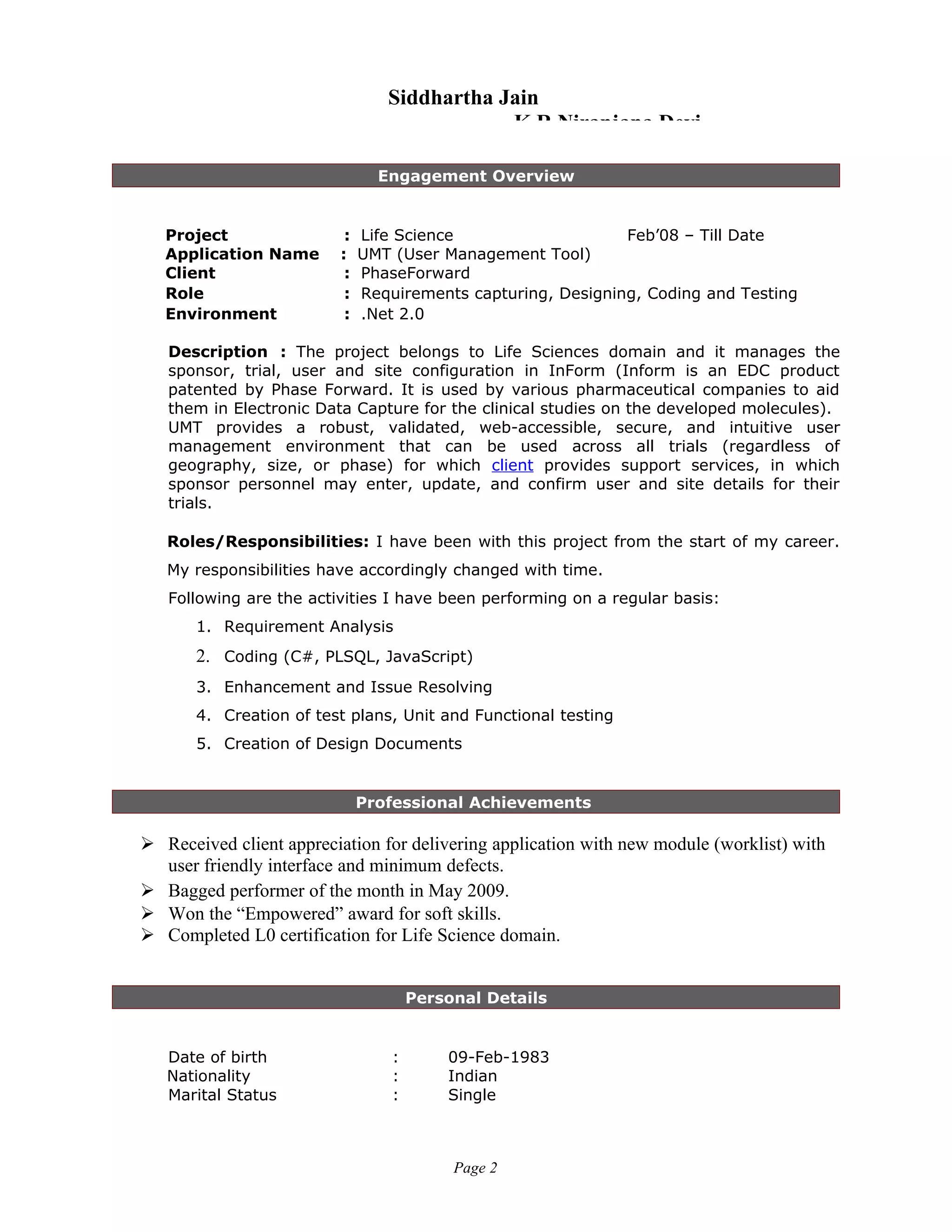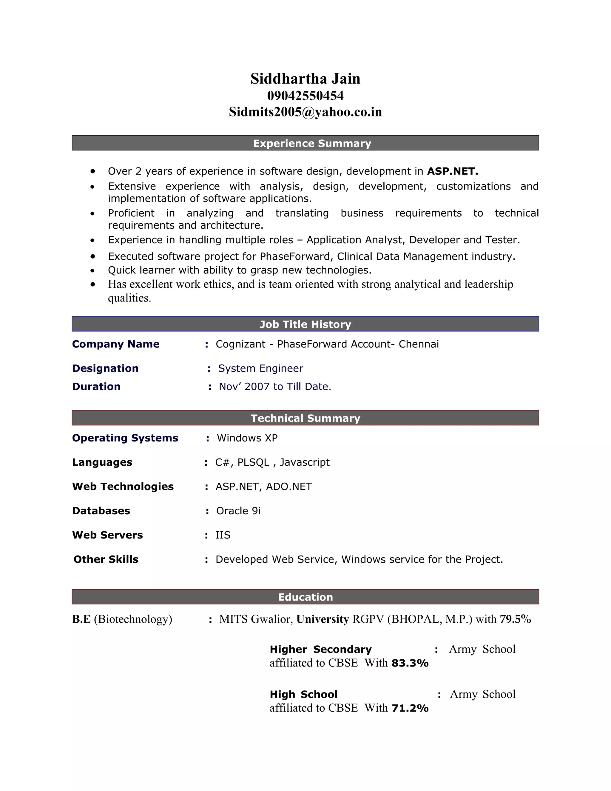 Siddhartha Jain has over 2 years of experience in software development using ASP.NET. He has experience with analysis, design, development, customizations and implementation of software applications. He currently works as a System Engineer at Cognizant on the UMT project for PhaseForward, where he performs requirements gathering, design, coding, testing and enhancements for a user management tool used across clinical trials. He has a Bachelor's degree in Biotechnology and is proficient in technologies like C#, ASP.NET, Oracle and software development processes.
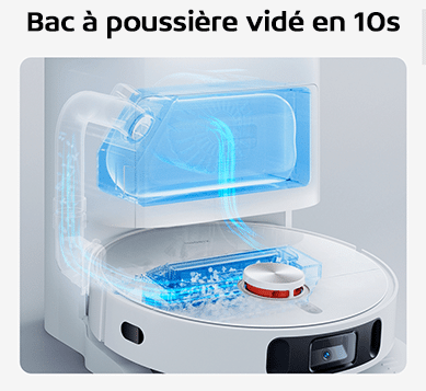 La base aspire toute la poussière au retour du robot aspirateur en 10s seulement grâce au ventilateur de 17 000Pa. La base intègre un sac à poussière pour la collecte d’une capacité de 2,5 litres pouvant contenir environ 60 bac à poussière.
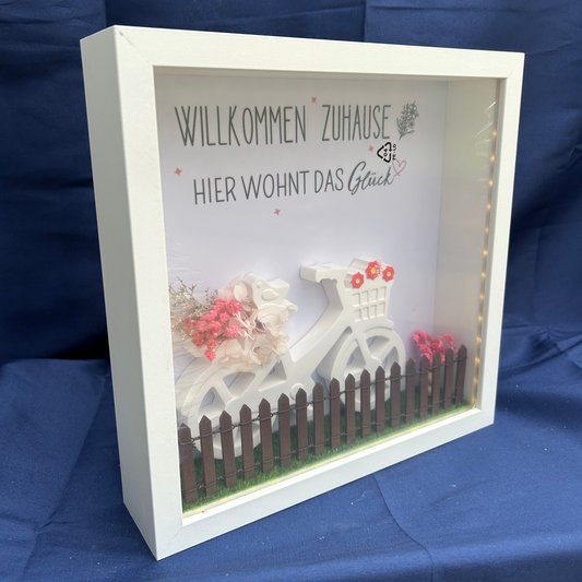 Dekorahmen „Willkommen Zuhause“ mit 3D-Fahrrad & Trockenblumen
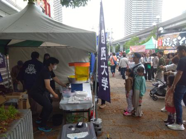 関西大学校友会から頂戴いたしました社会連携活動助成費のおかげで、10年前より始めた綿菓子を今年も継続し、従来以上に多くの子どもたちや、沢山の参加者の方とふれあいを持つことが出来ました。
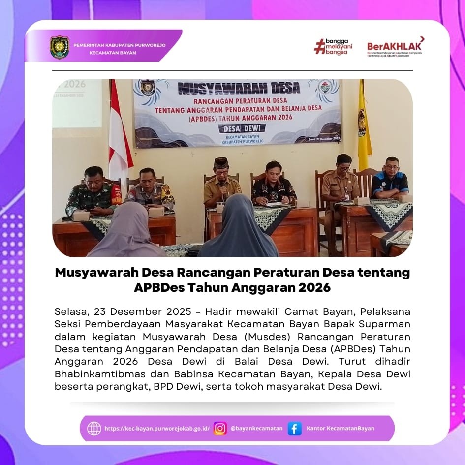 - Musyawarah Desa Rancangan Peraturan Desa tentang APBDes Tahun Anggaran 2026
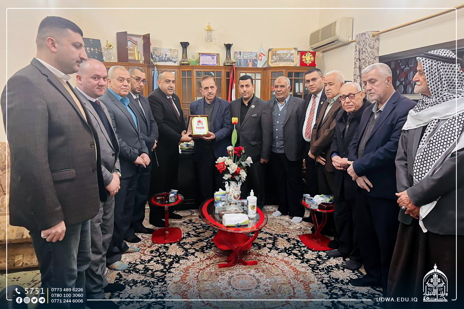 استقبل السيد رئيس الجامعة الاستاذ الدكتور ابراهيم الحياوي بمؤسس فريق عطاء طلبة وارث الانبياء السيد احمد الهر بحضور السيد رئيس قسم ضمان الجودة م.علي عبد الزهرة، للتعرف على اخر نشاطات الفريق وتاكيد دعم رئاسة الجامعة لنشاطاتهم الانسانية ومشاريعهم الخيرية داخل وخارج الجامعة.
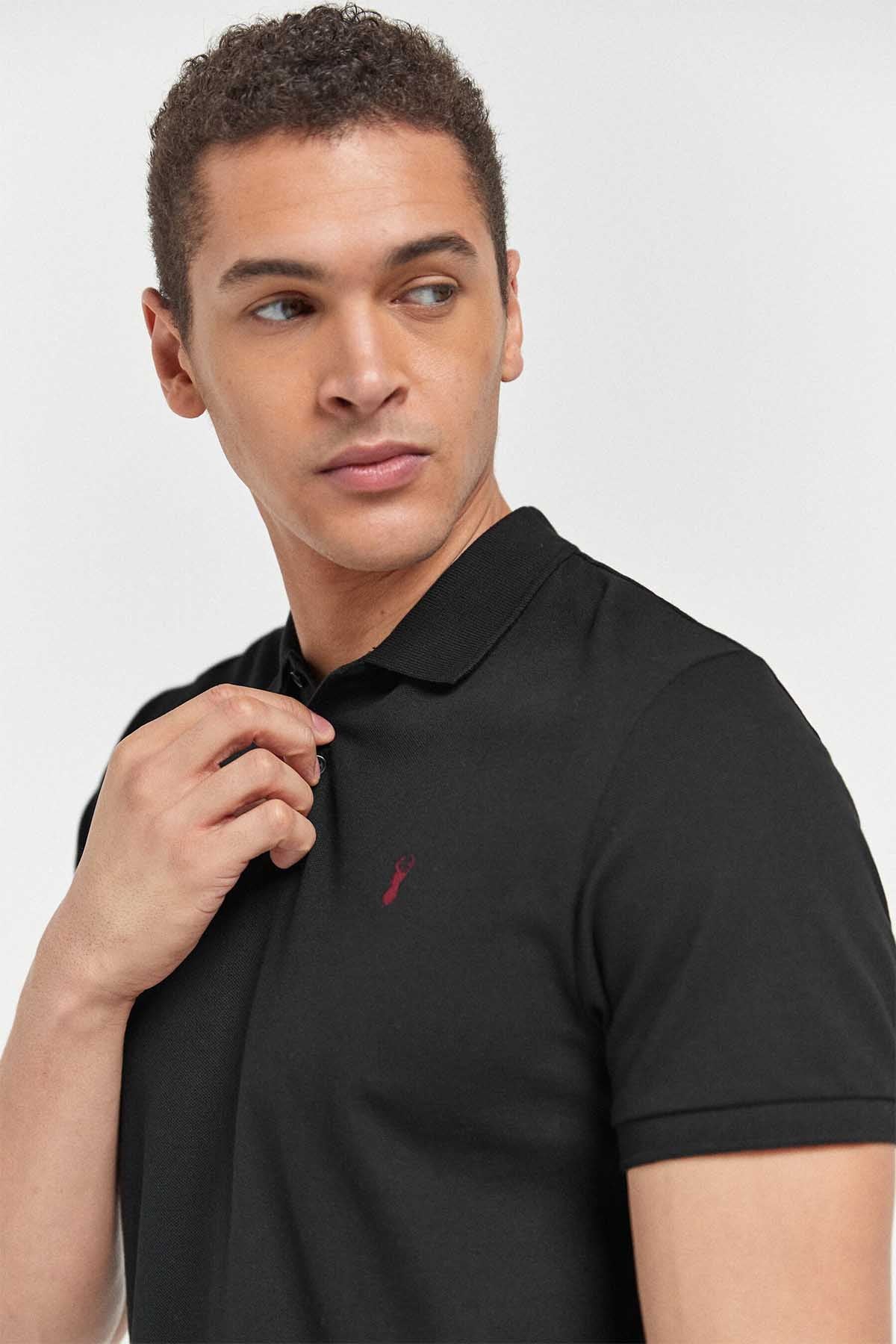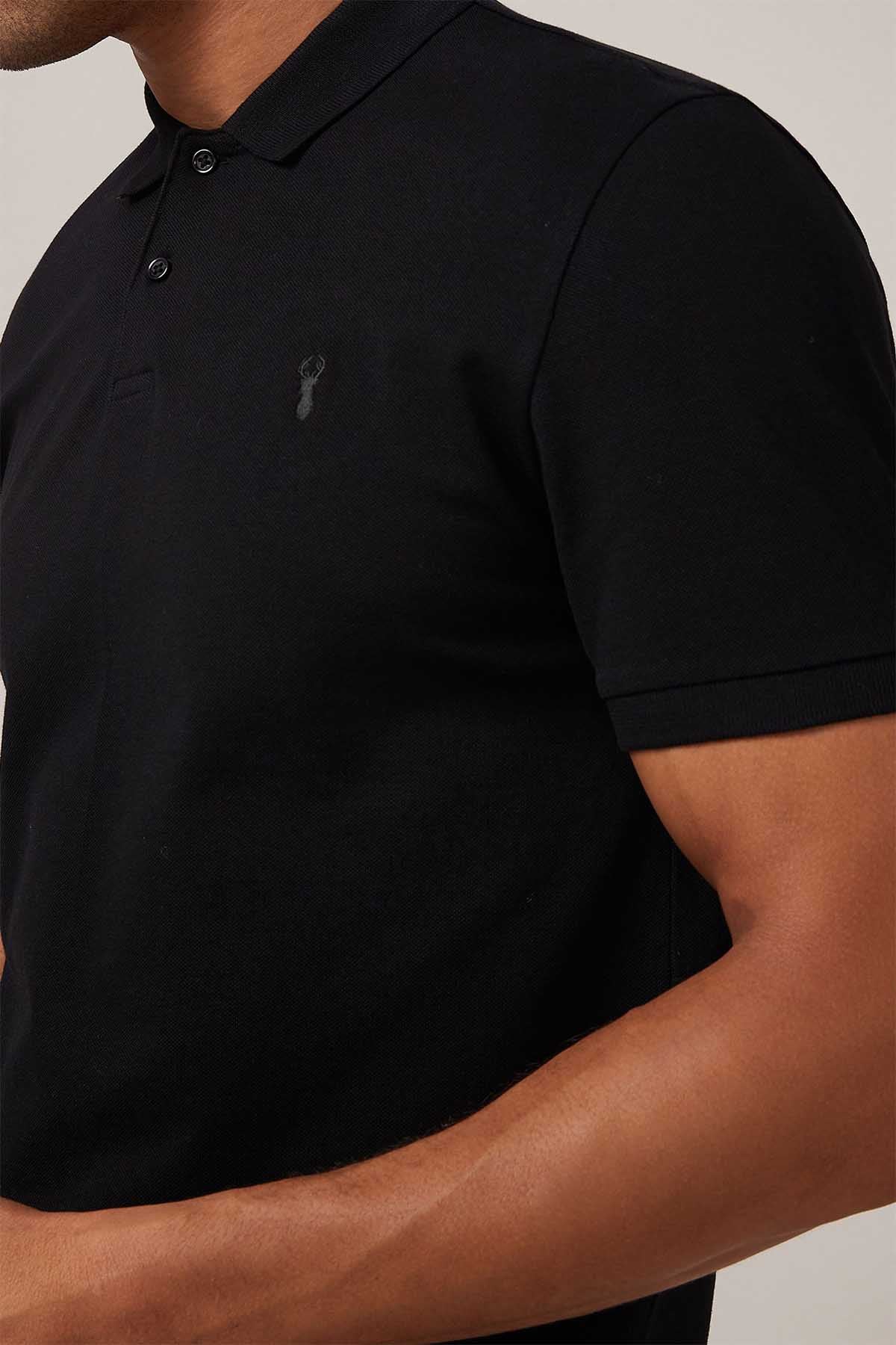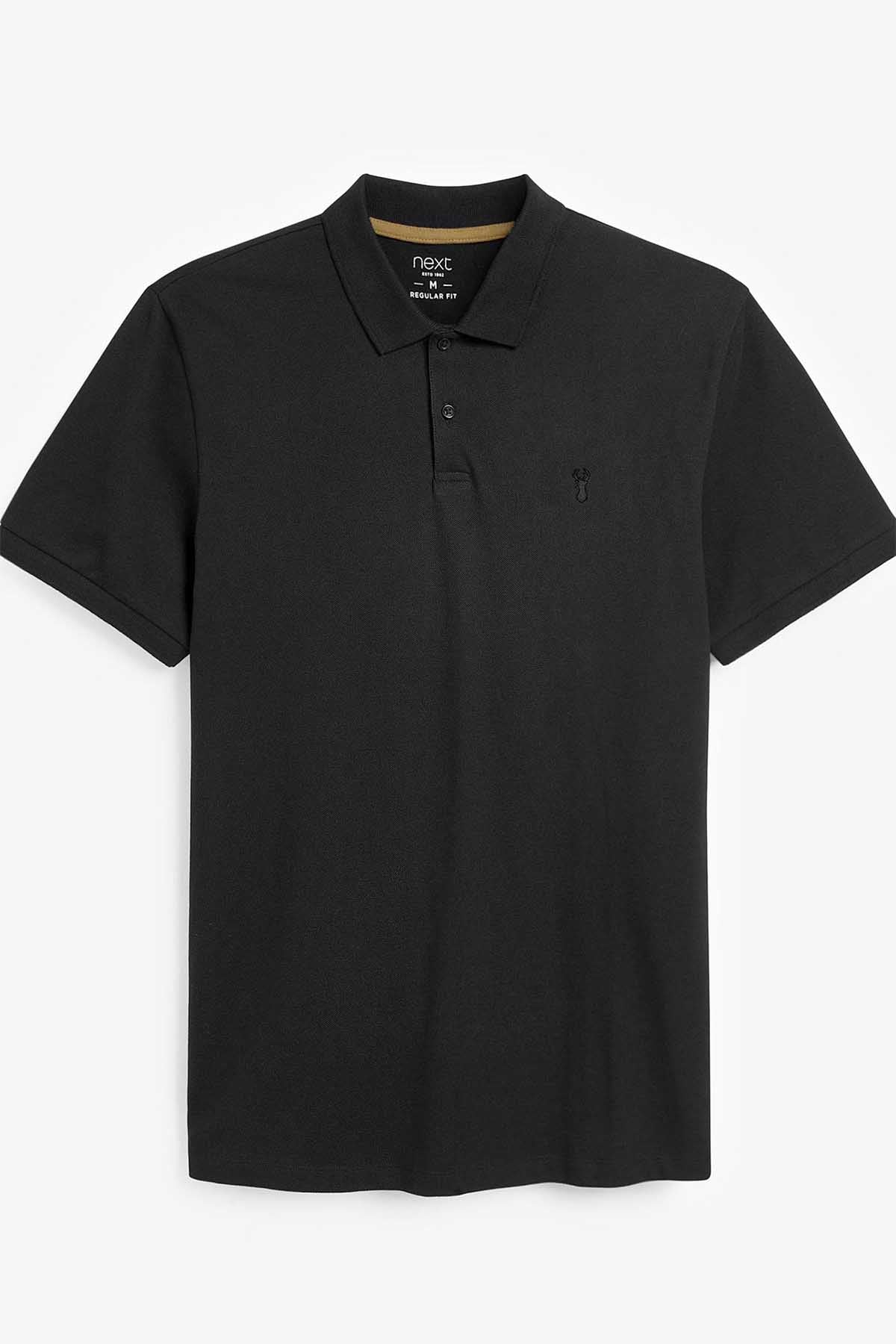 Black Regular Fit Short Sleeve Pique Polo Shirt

:: Exercise brief ::
Transcribe the whole of the data exactly, minus any pictures.

:: Written response ::
 Siddhartha Jain has over 2 years of experience in software development using ASP.NET. He has experience with analysis, design, development, customizations and implementation of software applications. He currently works as a System Engineer at Cognizant on the UMT project for PhaseForward, where he performs requirements gathering, design, coding, testing and enhancements for a user management tool used across clinical trials. He has a Bachelor's degree in Biotechnology and is proficient in technologies like C#, ASP.NET, Oracle and software development processes.
 La base aspire toute la poussière au retour du robot aspirateur en 10s seulement grâce au ventilateur de 17 000Pa. La base intègre un sac à poussière pour la collecte d’une capacité de 2,5 litres pouvant contenir environ 60 bac à poussière.
 Dekorahmen „Willkommen Zuhause“ mit 3D-Fahrrad & Trockenblumen
 関西大学校友会から頂戴いたしました社会連携活動助成費のおかげで、10年前より始めた綿菓子を今年も継続し、従来以上に多くの子どもたちや、沢山の参加者の方とふれあいを持つことが出来ました。
 - Musyawarah Desa Rancangan Peraturan Desa tentang APBDes Tahun Anggaran 2026
 استقبل السيد رئيس الجامعة الاستاذ الدكتور ابراهيم الحياوي بمؤسس فريق عطاء طلبة وارث الانبياء السيد احمد الهر بحضور السيد رئيس قسم ضمان الجودة م.علي عبد الزهرة، للتعرف على اخر نشاطات الفريق وتاكيد دعم رئاسة الجامعة لنشاطاتهم الانسانية ومشاريعهم الخيرية داخل وخارج الجامعة.
 Black Regular Fit Short Sleeve Pique Polo Shirt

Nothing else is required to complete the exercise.